Twitter's streaming anomaly detection is easy to use and very powerful, but it's a R library. Although there are other python implementations, all of them contain R dependencies. This library is intended to provide a pure python port that provides the same functions as the original Twitter R implementation.
This is a fork of the outstanding work of Marcnuth. All updates with the exception of Dask integration have been pulled into Marcnuth's original github project.
The python port of the Twitter streaming time series anomaly detection is a technique for detecting anomalies in seasonal univariate time series where the input is a series of <timestamp, count> pairs.
raw_data: Time series as a two column Series where the first column contains timestamps and the second column contains observations.
max_anoms: Maximum number of anomalies that S-H-ESD will detect as a percentage of the data. Defaults to 0.02
direction: Directionality of the anomalies to be detected. Options are: "pos" | "neg" | "both". Defaults to "both"
alpha: The level of statistical significance with which to accept or reject anomalies. Defaults to 0.05
only_last: Find and report anomalies only within the last day or hr in the time series. None | "day" | "hr". Defaults to None
threshold: Only report positive going anoms above the threshold specified. Options are: None | "med_max" | "p95" | "p99". Defaults to None.
e_value: Add an additional column to the anoms output containing the expected value. Defaults to None
longterm: Increase anom detection efficacy for time series that are greater than a month. Defaults to False
piecewise_median_period_weeks: The piecewise median time window as described in Vallis, Hochenbaum, and Kejariwal (2014). Defaults to 2.
verbose: Enable debug messages. Defaults to False
resampling: whether ms or sec granularity should be resampled to min granularity. Defaults to False.
period_override: Override the auto-generated period. Defaults to None
multithreaded: whether to use multi-threaded Dask implementation of Series operations. Defaults to False
"longterm" This option should be set when the input time series is longer than a month.

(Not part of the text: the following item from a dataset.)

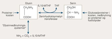 Glysinmolekylet er enkelt oppbygd (fig 1). Det eksisterer i likevekt med serin og kan dannes ved at betakarbonet i sidekjeden til serin blir overført til tetrahydrofolat. Reaksjonen katalyseres av enzymet serinhydroksymetyltransferase. Karbondioksid, ammoniakk og metylentetrahydrofolat er utgangspunkter for en alternativ syntesevei. Nedbrytningen styres delvis av glysindekarboksylase. Den sjeldne recessivt arvelige sykdommen ikke-ketotisk hyperglysinemi skyldes i de fleste tilfellene manglende eller nedsatt funksjon i dette enzymet. Økt konsentrasjon av glysin i sentralnervesystemet kan da gi livstruende nevrologiske forstyrrelser, generelle krampetilstander og mental retardasjon (1). Symptomene skyldes sannsynligvis overaktivering av N-methyl-D-aspartat (NMDA)-reseptorene.

The option enables the approach described in Vallis, Hochenbaum, and Kejariwal (2014).
"threshold" Filter all negative anomalies and those anomalies whose magnitude is smaller than one
of the specified thresholds which include: the median of the daily max values (med_max), the 95th
percentile of the daily max values (p95), and the 99th percentile of the daily max values (p99).
Vallis, O., Hochenbaum, J. and Kejariwal, A., (2014) "A Novel
Technique for Long-Term Anomaly Detection in the Cloud", 6th
USENIX, Philadelphia, PA.
Rosner, B., (May 1983), "Percentage Points for a Generalized ESD
Many-Outlier Procedure" , Technometrics, 25(2), pp. 165-172.
# Run setup from root AnomalyDetection project directory
python3 setup.py install
# Publish to pypi
python3 -m twine upload --repository pypi dist/* -u <username> -p <password> --verbose
Detect all anomalies
anomaly_detect_ts(raw_data, max_anoms=0.02, direction="both", plot=True)
Detect only the anomalies in the last day
anomaly_detect_ts(raw_data, max_anoms=0.02, direction="both", only_last="day", plot=True)
Detect only the anomalies in the last hr
anomaly_detect_ts(raw_data, max_anoms=0.02, direction="both", only_last="hr", plot=True)
Detect the anomalies in the last hr and resample data of ms or sec granularity
anomaly_detect_ts(raw_data, max_anoms=0.02, direction="both", only_last="hr", plot=True, resampling=True)
Detect anomalies in the last day specifying a period of 1440
anomaly_detect_ts(raw_data, max_anoms=0.02, direction="both", only_last="day", period_override=1440)